Значит, мать Арчибалда Дадли Абернети была пациенткой доктора Ларкленда, и молодой Казалис унаследовал ее. Это успокоило Эллери. В 1905 году жены священников лечились у двадцатитрехлетних врачей только в исключительных обстоятельствах.
— Спустя несколько лет, — продолжал Джимми, — Казалис стал одним из ведущих специалистов на Востоке, и к 1911-му или 1912 году его практика сделалась одной из крупнейших в Нью-Йорке. Насколько я понимаю, он не был рвачом, хотя зарабатывал кучу денег. Его больше интересовала творческая сторона профессии — применение новых технологий, клиническая работа и тому подобное. У меня здесь полно сведений о его научных достижениях...
— Опустим их. Что еще?
— Ну, его военные подвиги.
— Во время Первой мировой?
— Да.
— Когда он вступил в армию?
— Летом 1917 года.
— Интересно, папа. Битрис Уилликинс родилась 7 апреля 1917 года, за месяц до того, как конгресс объявил войну Германии. Должно быть, это одни из последних родов, которые принимал Казалис, прежде чем надеть форму. — Инспектор промолчал. — Так как же он проявил себя на войне?
— Отлично.
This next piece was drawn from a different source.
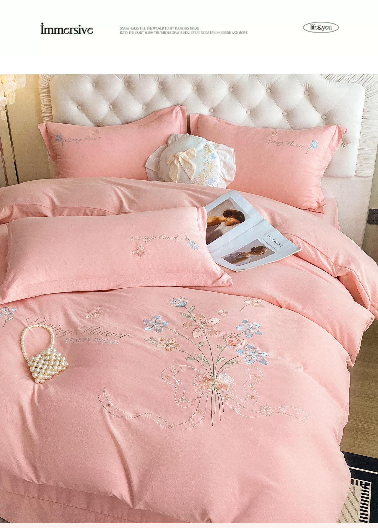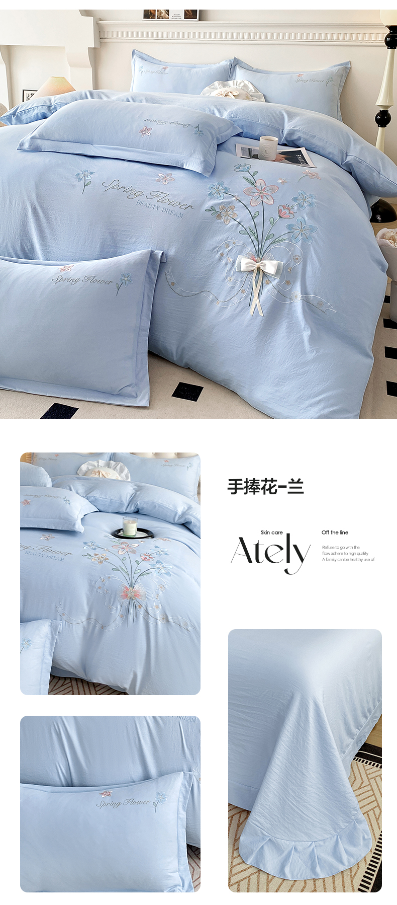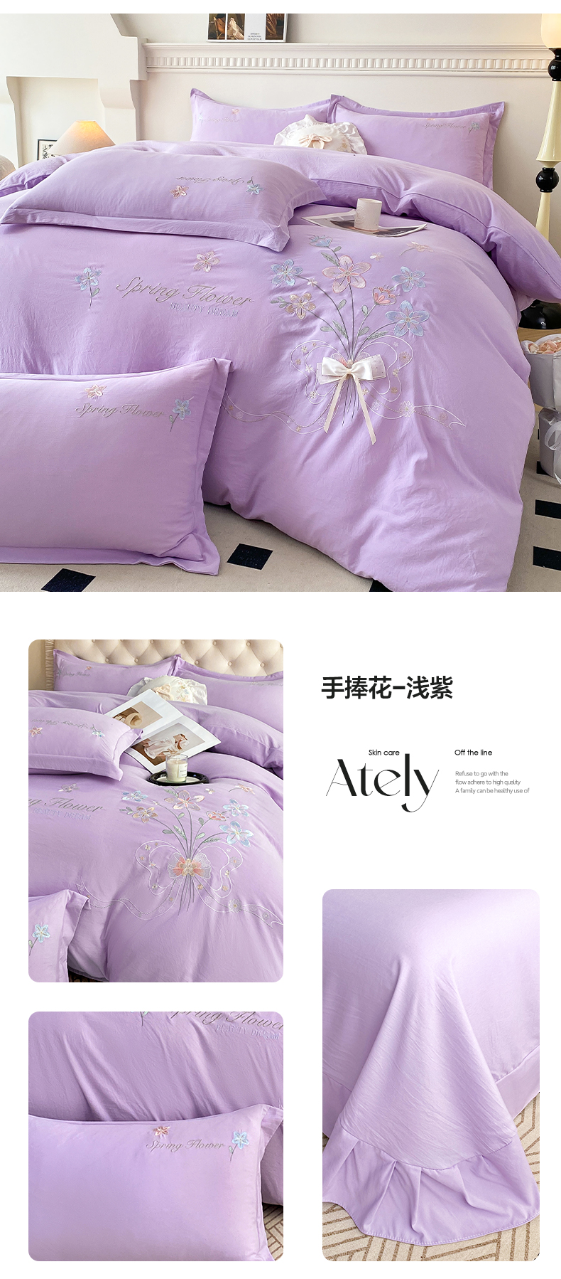 商品名称:大麦乐田 2025新款糯小棉立体绣花吊边四件套-手捧花 手捧花 浅紫

Начал службу в медицинском корпусе в чине капитана, а закончил полковником. Оперировал на передовой...
— Был ранен?
— Нет, но провел несколько месяцев в доме отдыха во Франции в конце восемнадцатого — начале девятнадцатого года, после окончания войны. Лечился — я цитирую — «от нервного истощения и последствий контузии».
Эллери посмотрел на отца, но тот снова отмеривал себе дозу виски.
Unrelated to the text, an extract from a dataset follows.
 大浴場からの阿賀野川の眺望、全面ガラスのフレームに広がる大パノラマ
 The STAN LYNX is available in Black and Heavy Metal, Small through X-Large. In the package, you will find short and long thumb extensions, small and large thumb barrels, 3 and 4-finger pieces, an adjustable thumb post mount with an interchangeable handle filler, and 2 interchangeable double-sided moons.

— Очевидно, там не было ничего серьезного. — Джимми опять взглянул на конверт. — Его отправили домой из Франции как новенького, а после демобилизации...
— В девятнадцатом году?
— Да, он вернулся к своей специальности. К концу двадцатого у него уже была прежняя практика и огромная известность.
— И он все еще занимался только акушерством и гинекологией?
— Да. Тогда ему было под сорок, и через пять лет... — Джимми извлек другой конверт. — Да, в 1926 году он познакомился с миссис Казалис через ее сестру, миссис Ричардсон, и женился на ней. Она принадлежала к семье Меригру из Бангора. Старое новоанглийское семейство с прокисшей голубой кровью, но вроде бы она была очень красива, если вам нравится дрезденский фарфор. Казалису, но всяком случае, он нравился — ему было сорок четыре, а ей — всего девятнадцать, но роман был эпический. У них была пышная свадьба в Мэне и длинный медовый месяц в Париже, Вене и Риме. Если вас интересует, был ли счастливым их брак, то мне не удалось найти доказательств обратного. О докторе не ходило никаких слухов, даром что вся его профессиональная деятельность была связана исключительно с дамами, а в жизни миссис Казалис вроде бы тоже не было никаких мужчин, кроме мужа. В 1927 году она потеряла первого ребенка, а в 1930-м — второго...
— И обоих при родах, — кивнул Эллери. — Казалис говорил мне об этом в ночь нашей первой встречи.
— Мне рассказывали, что он ужасно переживал из-за этого. Доктор фанатично заботился о жене во время обеих беременностей и сам принимал роды... В чем дело?
— Казалис был акушером у своей жены?
— Да. — Джимми с удивлением посмотрел на обоих мужчин.
Инспектор Квин стоял у окна, заложив руки за спину.